上記式（３）中のＲ^４、Ｒ^５、Ｒ^６及びＲ^７は、それぞれ別個に炭素数１〜２４の炭化水素基を示す。これら炭化水素基としては、炭素数１〜２４の直鎖状又は分枝状のアルキル基、炭素数３〜２４の直鎖状又は分枝状のアルケニル基、炭素数５〜１３のシクロアルキル基又は直鎖状若しくは分枝状のアルキルシクロアルキル基、炭素数６〜１８のアリール基又は直鎖状若しくは分枝状のアルキルアリール基、炭素数７〜１９のアリールアルキル基等のいずれかであることが望ましい。

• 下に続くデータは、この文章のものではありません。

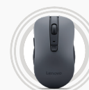
Lenovo WL310 Bluetooth® Silent Mouse
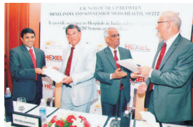
Launch of Tie up between Hexel and Sonnenhof Swiss Health, Switzerland

Since its inception, Hexel has successfully offered its services to several ventures – in almost all emergent markets of India, and in the Middle East & China.
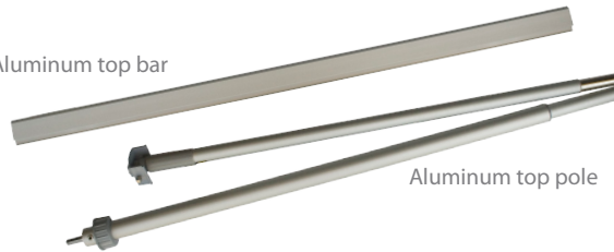
Aluminum top pole
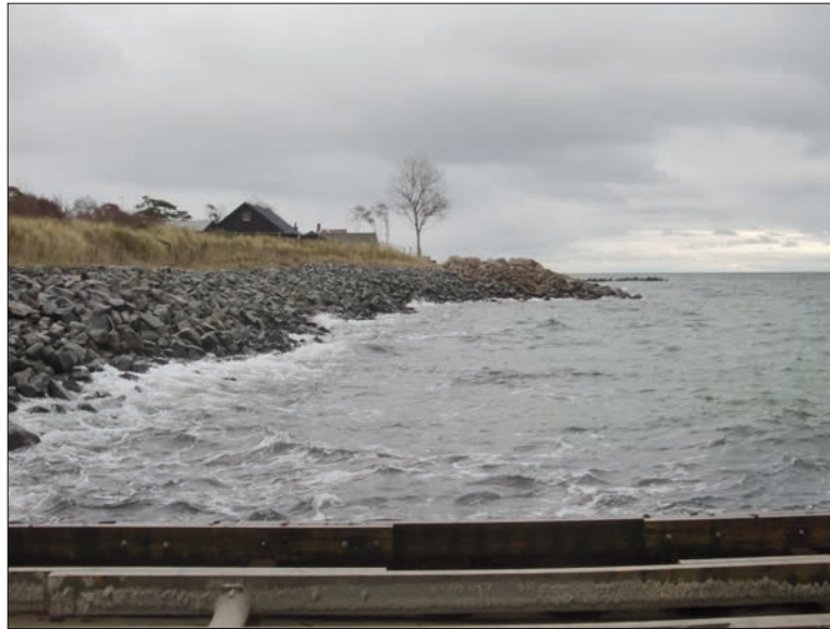
Figure 3. Examples of hard structures at the coast of Löderup (Photo: L. Bontje, November 2015).

These negative effects motivate the preferences regarding coastal protection gradually shifting from ‘hard’ solutions to ‘soft’ coastal defence techniques in most European countries (Hanson et al., 2002, Mulder et al., 2011, Hanley et al., 2014). This preference fits with the paradigm shift as explained by Stive et al. (2013): “Where in the past the challenge was formulated to ‘fight’ the forces of nature [with hard structures, red.], today’s approach recognizes many issues other than protection against flooding, especially the multiple ecological forces that have to be accommodated and can help the processes of protection.” (p.1002). The present coastal management approach of the municipality of Ystad emphasizes the natural processes of erosion and accumulation and combines the existing hard structures with new soft solutions (2008a) – fitting the new paradigm.
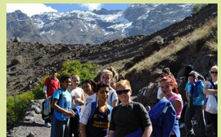
BEAUTIFUL MOUNTAIN SCENERY
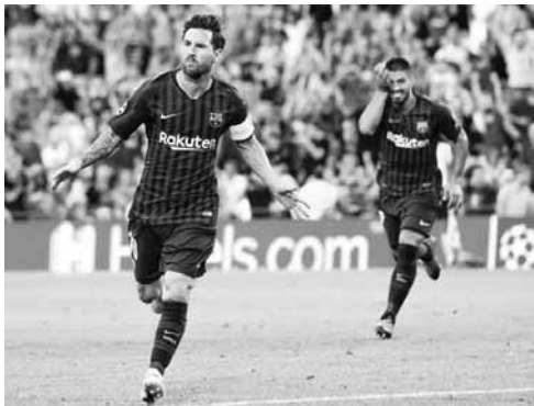
Lionel Messi celebrates after scoring against PSV in Champions League

While Pulisic spared Dortmund's blushes in Belgium on his 100th appearance for the club, it was a bad night for Mario Goetze.

また、アルキル基やアルケニル基は、第１級、第２級及び第３級のいずれであってもよい。
【００４３】
上記Ｒ^４、Ｒ^５、Ｒ^６及びＲ^７としては、具体的には、メチル基、エチル基、プロピル基、ブチル基、ペンチル基、へキシル基、ヘプチル基、オクチル基、ノニル基、デシル基、ウンデシル基、ドデシル基、トリデシル基、テトラデシル基、ペンタデシル基、ヘキサデシル基、ヘプタデシル基、オクタデシル基、ノナデシル基、イコシル基、ヘンイコシル基、ドコシル基、トリコシル基及びテトラコシル基等のアルキル基や、プロペニル基、イソプロペニル基、ブテニル基、ブタジエニル基、ペンテニル基、ヘキセニル基、ヘプテニル基、オクテニル基、ノネニル基、デセニル基、ウンデセニル基、ドデセニル基、トリデセニル基、テトラデセニル基、ペンタデセニル基、ヘキサデセニル基、ヘプタデセニル基及びオレイル基等のオクタデセニル基や、ノナデセニル基、イコセニル基、ヘンイコセニル基、ドコセニル基、トリコセニル基及びテトラコセニル基等のアルケニル基や、シクロペンチル基、シクロへキシル基及びシクロヘプチル基等のシクロアルキル基や、メチルシクロペンチル基、ジメチルシクロペンチル基、エチルシクロペンチル基、プロピルシクロペンチル基、エチルメチルシクロペンチル基、トリメチルシクロペンチル基、ジエチルシクロペンチル基、エチルジメチルシクロペンチル基、プロピルメチルシクロペンチル基、プロピルエチルシクロペンチル基、ジ−プロピルシクロペンチル基、プロピルエチルメチルシクロペンチル基、メチルシクロへキシル基、ジメチルシクロへキシル基、エチルシクロへキシル基、プロピルシクロへキシル基、エチルメチルシクロへキシル基、トリメチルシクロへキシル基、ジエチルシクロヘキシル基、エチルジメチルシクロヘキシル基、プロピルメチルシクロヘキシル基、プロピルエチルシクロヘキシル基、ジ−プロピルシクロへキシル基、プロピルエチルメチルシクロヘキシル基、メチルシクロヘプチル基、ジメチルシクロヘプチル基、エチルシクロヘプチル基、プロピルシクロヘプチル基、エチルメチルシクロヘプチル基、トリメチルシクロヘプチル基、ジエチルシクロヘプチル基、エチルジメチルシクロヘプチル基、プロピルメチルシクロヘプチル基、プロピルエチルシクロヘプチル基、ジ−プロピルシクロヘプチル基及びプロピルエチルメチルシクロヘプチル基等のアルキルシクロアルキル基や、フェニル基及びナフチル基等のアリール基や、トリル基、キシリル基、エチルフェニル基、プロピルフェニル基、エチルメチルフェニル基、トリメチルフェニル基、ブチルフェニル基、プロピルメチルフェニル基、ジエチルフェニル基、エチルジメチルフェニル基、テトラメチルフェニル基、ペンチルフェニル基、ヘキシルフェニル基、ヘプチルフェニル基、オクチルフェニル基、ノニルフェニル基、デシルフェニル基、ウンデシルフェニル基及びドデシルフェニル基等のアルキルアリール基や、ベンジル基、メチルベンジル基、ジメチルベンジル基、フェネチル基、メチルフェネチル基及びジメチルフェネチル基等のアリールアルキル基が例示できる。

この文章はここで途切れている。